A Michigan retiree who has sued more than three dozen credit unions and banks over the surcharge-fee notification requirements of the Electronic Funds Transfer Act has convinced ELGA CU to settle one suit by paying as much as $76,000 to nonmembers who used six of its ATMs that lacked the mandated external notice of a surcharge.
An estimated 2,269 nonmember cardholders who used one of the six cash machines a total of 2,943 times between April 16, 2009, and Sept. 3, 2009, may be eligible for payments up to $250 each, and Nancy Kinder, of nearby Fowlerville, Mich., who brought the suit, will receive $1,000, ELGA, one of the growing number of credit unions faced with Transfer Act suits, said in court papers detailing the settlement. Cardholders must submit a claim by Aug. 8.
The $275 million credit union is the latest target institution to agree to terms with Kinder. Independent Bank, which operates 40 ATMs in Michigan, agreed earlier this year to pay $350,000 to settle her EFTA claims.

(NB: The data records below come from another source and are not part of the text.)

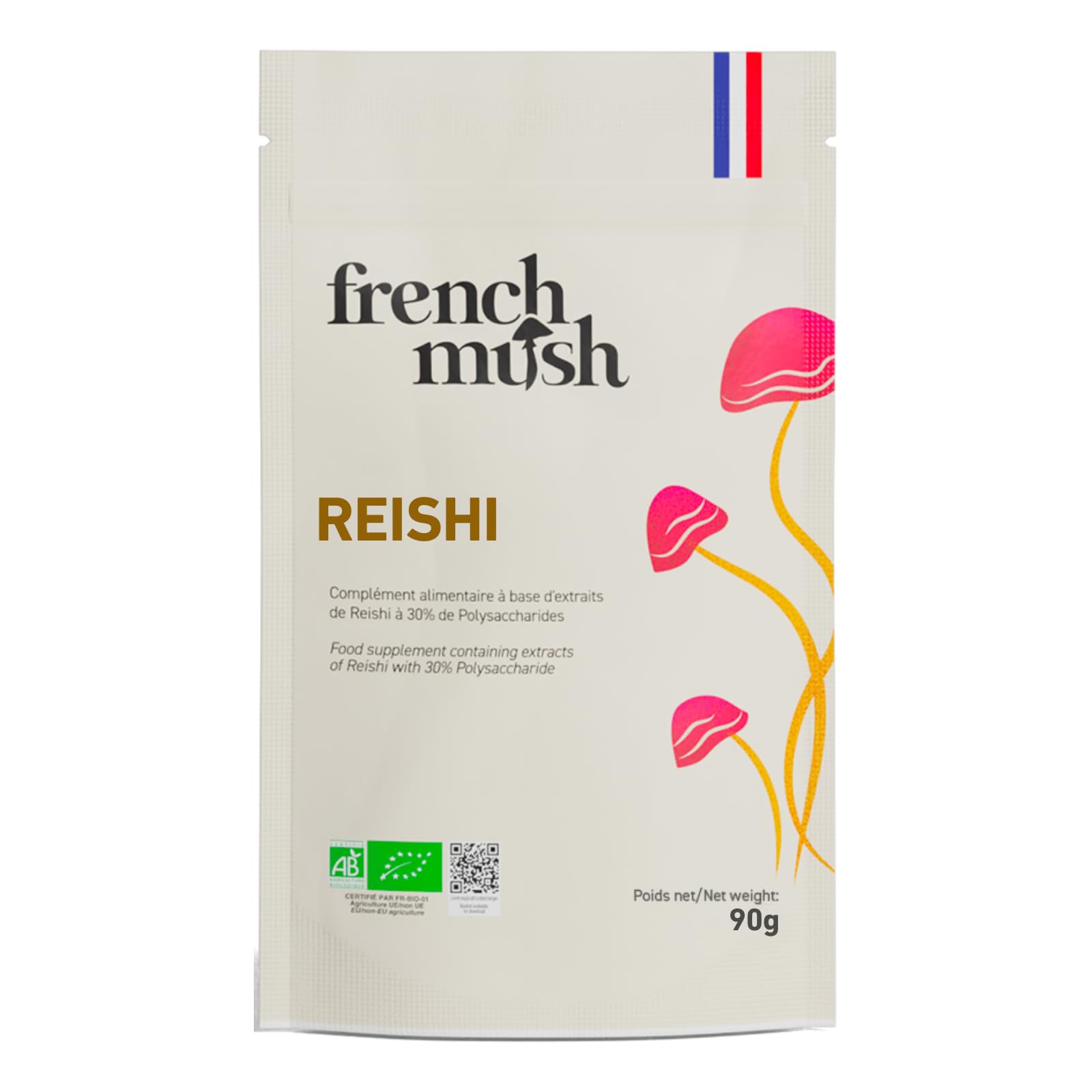 French Mush Doypack - Reishi Powder - 90g Vegan - Soothing Promotes restful sleep and relaxation - Mix with food or drinks - Organic Reishi extract powder - Lab tested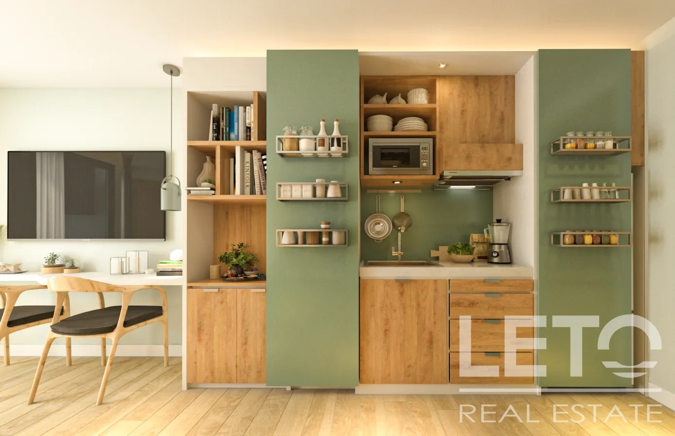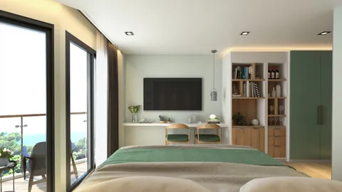 Эта студия в Serene Condominium представляет собой современное экологичное жилье, которое воплощает принципы застройщика по сохранению окружающей среды, предоставляя жильцам спокойный и экологичный образ жизни.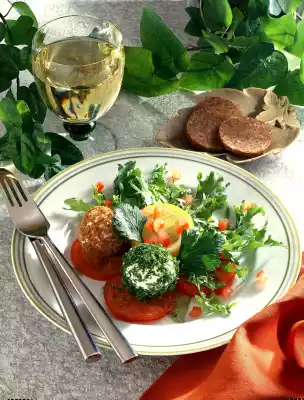 Form cream cheese into balls, roll them alternately in parsley and pumpernickel and arrange them on the salad. Serve garnished with lemon and parsley leaves.

Kinder and her partner Ray Harrison, who fancy themselves as ATM vigilantes, have been driving around the country for the past three years with camera in hand to record ATMs they say are in violation of the 10-year-old act, which requires credit unions and banks to post notices either “on or at the ATM” that non-customers will be assessed a surcharge for withdrawing cash at the machine (
Kinder is the named plaintiff in 28 different suits filed in federal courts in Michigan, Kentucky, North Carolina, South Carolina, New Mexico, Arkansas and Indiana over the past three years, with four filed most recently the same day–July 22. She has suits pending against FirstLight Federal Credit Union, Chino Federal Credit Union, White Sands Federal Credit Union, AAC Community Credit Union, Jackson Community Federal Credit Union, Michigan Schools and Government Credit Union, Lenco Credit Union, Jackson County Credit Union and Northwood Credit Union, among others.